Sur la demande de provision à titre de dommages et intérêts pour discrimination syndicale
Selon l'article R 1455- 7 du code du travail le juge des référés peut accorder une provision au créancier, dans le cas où l'existence de l'obligation n'est pas sérieusement contestable.
L'article L 2141-5 du code du travail interdit à l'employeur de prendre en considération l'appartenance à un syndicat ou l'exercice d'une activité syndicale pour prendre des décisions notamment des mesures de discipline.
En l'espèce Mme [X] fait le lien entre ses fonctions syndicales occupées depuis avril 2013 avec son avertissement intervenu peu de mois après, et surtout ses interventions dans le cadre de ses fonctions syndicales.
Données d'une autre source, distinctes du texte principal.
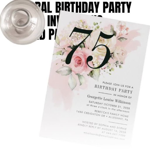 75th Birthday Pink Rose Floral Invitation and GiftDesigned by S A Holmes
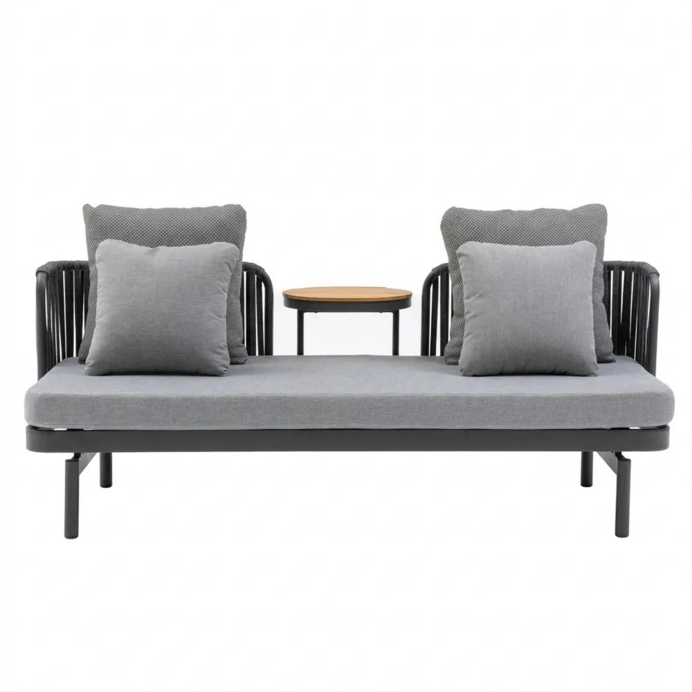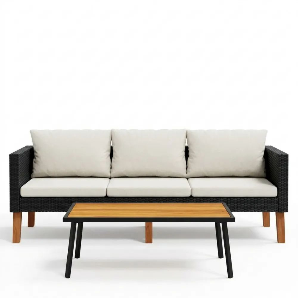 Dieses stilvolle Outdoor-Sofa mit passendem Tisch vereint Komfort und modernes Design. Das robuste Geflecht sorgt für Stabilität und Wetterbeständigkeit, während die weichen Sitz- und Rückenkissen ein angenehmes Sitzgefühl bieten. Die Kombination aus dunklem Rahmen und natürlicher Tischplatte verleiht dem Set eine elegante Optik – ideal für Garten, Terrasse oder Balkon.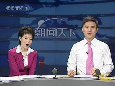 图:2008年4月17日,央视《朝闻天下》栏目主持人文静在节目中打哈欠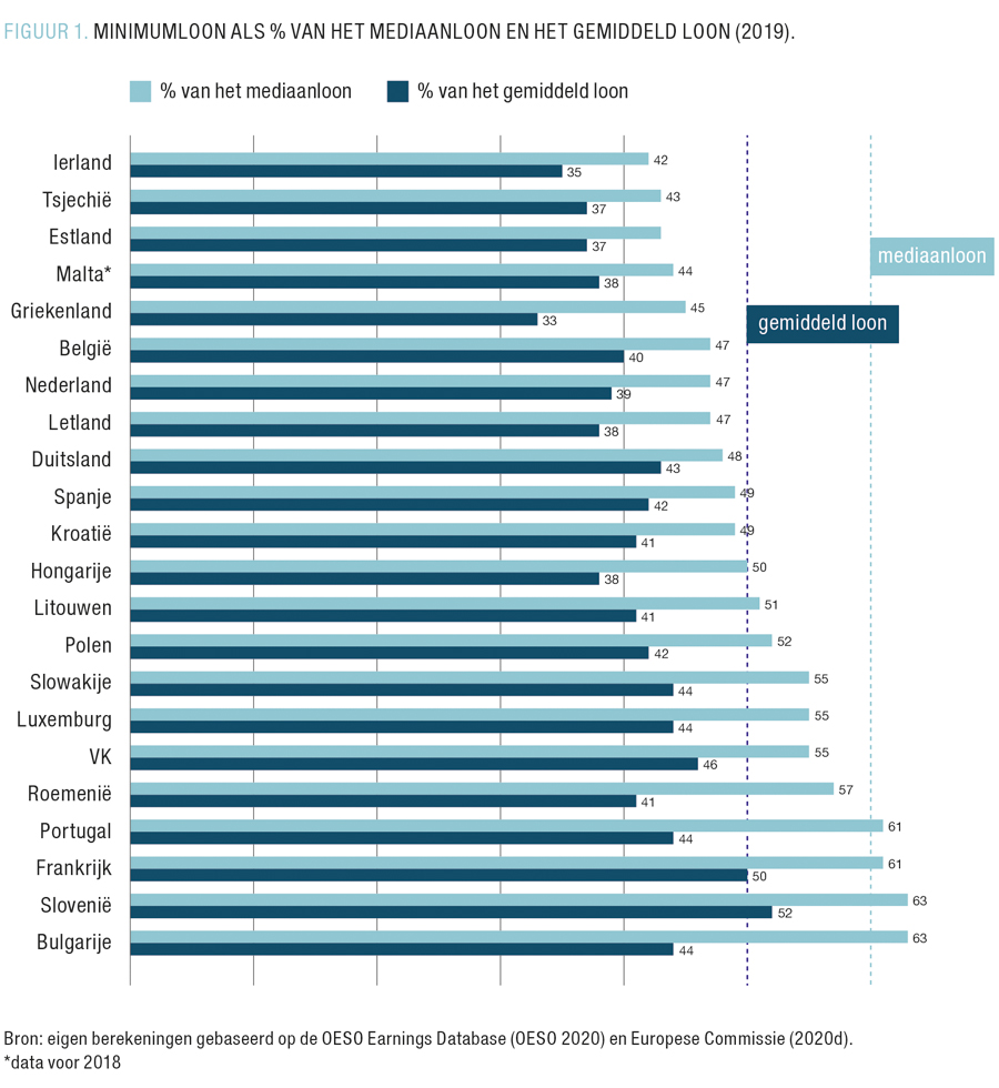 Laat ons dit concreet invullen. Wat kan de minimale ondergrens voor een eerlijk minimumloon zijn? De waarde van een minimumloon wordt in belangrijke mate bepaald door haar verhouding tot de rest van de lonen. De toets die daarbij gebruikt kan worden, is het mediaanloon (dat wat in de midden van de loonverdeling ligt) of het gemiddelde loon.4 FIGUUR 1 geeft de verhouding van de minimumlonen weer ten opzichte van het mediaanloon en het gemiddeld loon. In België is het minimumloon gelijk aan 40% van een gemiddeld loon en 47% van het mediaanloon. De relatieve waarde van een minimumloon verandert de discussie volledig.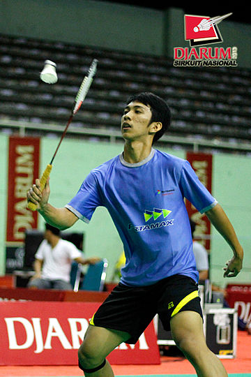 Alang Panji (Pertamina Indonesia) mengembalikan shuttlecock ke arah Syaherdillah Wijianto (Pendowo).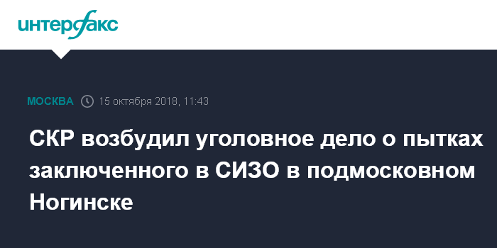 СКР возбудил уголовное дело о пытках заключенного в СИЗО в подмосковном Ногинске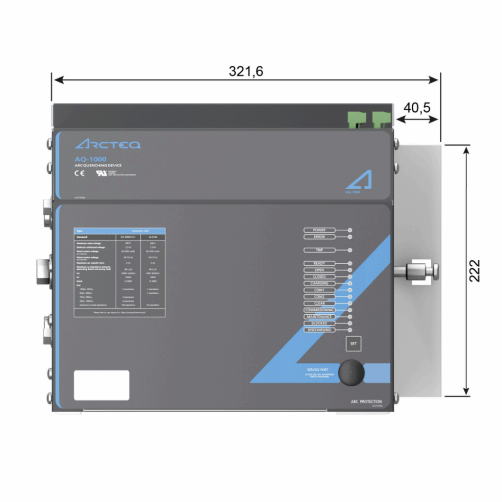 AQ-1000 is used together with the AQ-100 arc protection system. When an AQ-100 series relay detects an arc fault, it simultaneously trips the circuit-breaker(s) feeding the fault and triggers the AQ-1000 arc quenching device. AQ-1000 then creates a low-impedance parallel path for the fault current, rapidly collapsing the arc. The total arcing time of the system is less than 4 milliseconds.
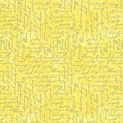 Dette smukke patchwork stof har en gul meleret bund med tekst i alle retninger.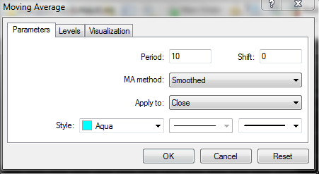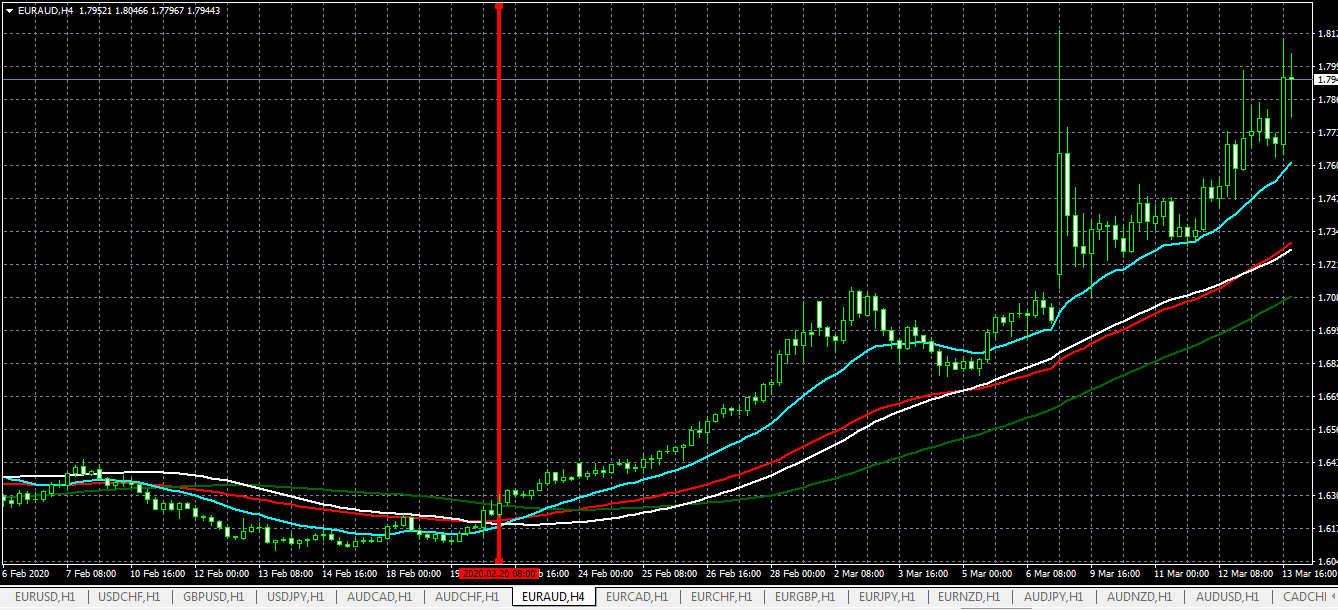 اغلاق شمعة او اكثر اعلى الموفينج الازرق 10 smoothed على فريم الساعة مع اختراق السعر لاعلى موفينج 80 الأخضر على فريم الاربع ساعات مع شرط ان موفينج الاخضر يكون هو اسفل جميع الموفينجات الاخرى على فريم الاربع ساعات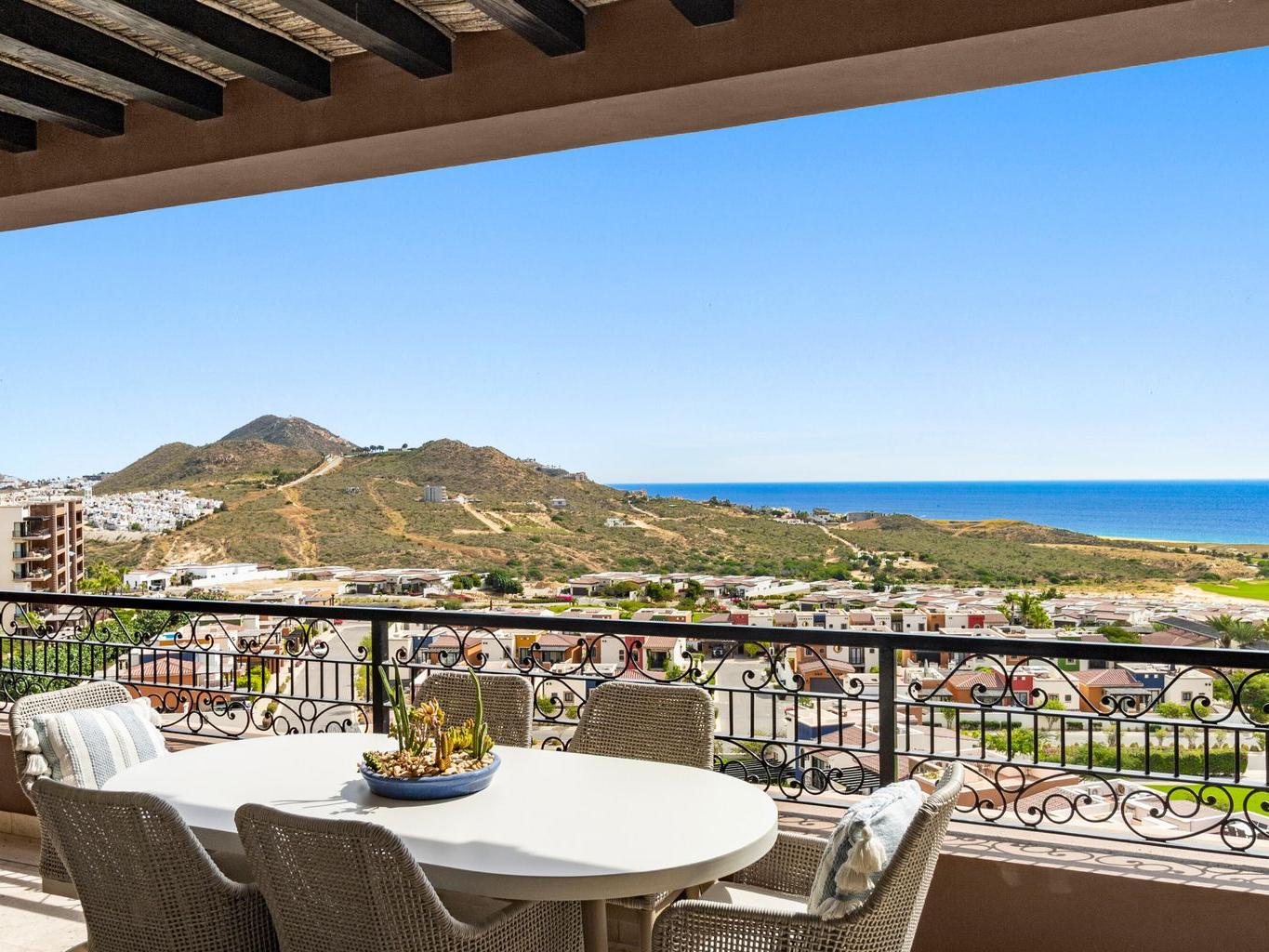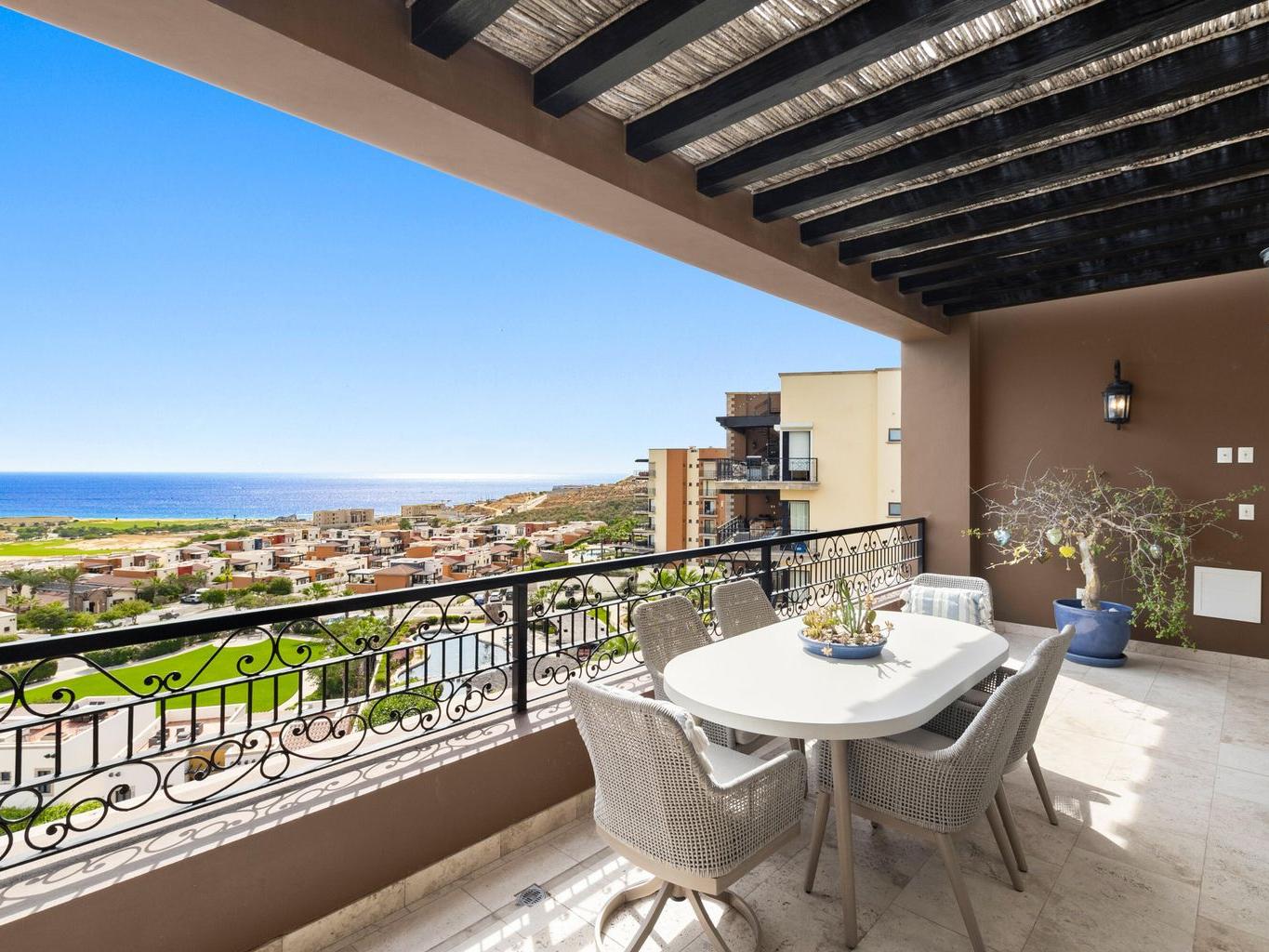 Set within Copala at Quivira Los Cabos, this fully furnished penthouse residence combines indoor comfort with expansive outdoor living, offering open Pacific Ocean and Quivira Golf Course views from both its main terrace and private rooftop.

Un des six griefs contenus dans la lettre lui notifiant l'avertissement fait référence à la qualité de délégué du personnel de Mme [X] puisque l'employeur écrit : ' vous fouillez dans le bureau mis à votre disposition pour votre permanence syndicale ; tout document concernant votre rôle de déléguée du personnel vous sera remis par le secrétariat à votre demande.'
Par ailleurs, il est produit des compte-rendus de 2 réunions (les 27 septembre et 23 octobre 2013) entre Mme [X] et la direction, outre des lettres de Mme [X] dénonçant d'une part des problèmes d'organisation et de décompte de temps de travail pour certaines salariées et d'autre part des difficultés pour obtenir de la direction des réunions mensuelles avec elle en sa qualité de déléguée du personnel.
Ces éléments établissent, certes, de fortes tensions et oppositions entre Mme [X] et la direction mais ils sont insuffisants pour faire présumer l'existence de la discrimination alléguée qui, en l'absence de trouble manifeste, ne peut relever que de l'appréciation du juge du fond.
En conséquence, Mme [X] sera déboutée de sa demande de provision, et l'ordonnance également confirmée sur ce point.
Sur les demandes accessoires
La somme de 500 € sera allouée à Mme [X] sur le fondement de l'article 700 du code de procédure civile, en sus de celle allouée en première instance.
Les dépens de première instance et d'appel sont mis à la charge de l'Association ADMR.
PAR CES MOTIFS
LA COUR,
STATUANT contradictoirement, en dernier ressort et par arrêt mis à la disposition des parties au greffe,
CONFIRME l'ordonnance de référé du conseil des prud'hommes de CHARTRES en date du 10 avril 2014, sauf en ce qui concerne l'astreinte ;
Statuant à nouveau, de ce dernier chef,
DIT n' y avoir lieu à astreinte ;
CONDAMNE l'Association ADMR à payer à Mme [X] la somme de 500 € sur le fondement de l'article 700 du code de procédure civile, en sus de celle allouée en première instance ;
CONDAMNE l'Association ADMR aux dépens de première instance et d'appel.
- prononcé par mise à disposition de l'arrêt au greffe de la cour, les parties en ayant été préalablement avisées dans les conditions prévues au deuxième alinéa de l'article 450 du code de procédure civile,
- signé par Catherine BÉZIO, président, et par Sabine MARÉVILLE, greffier, auquel le magistrat signataire a rendu la minute.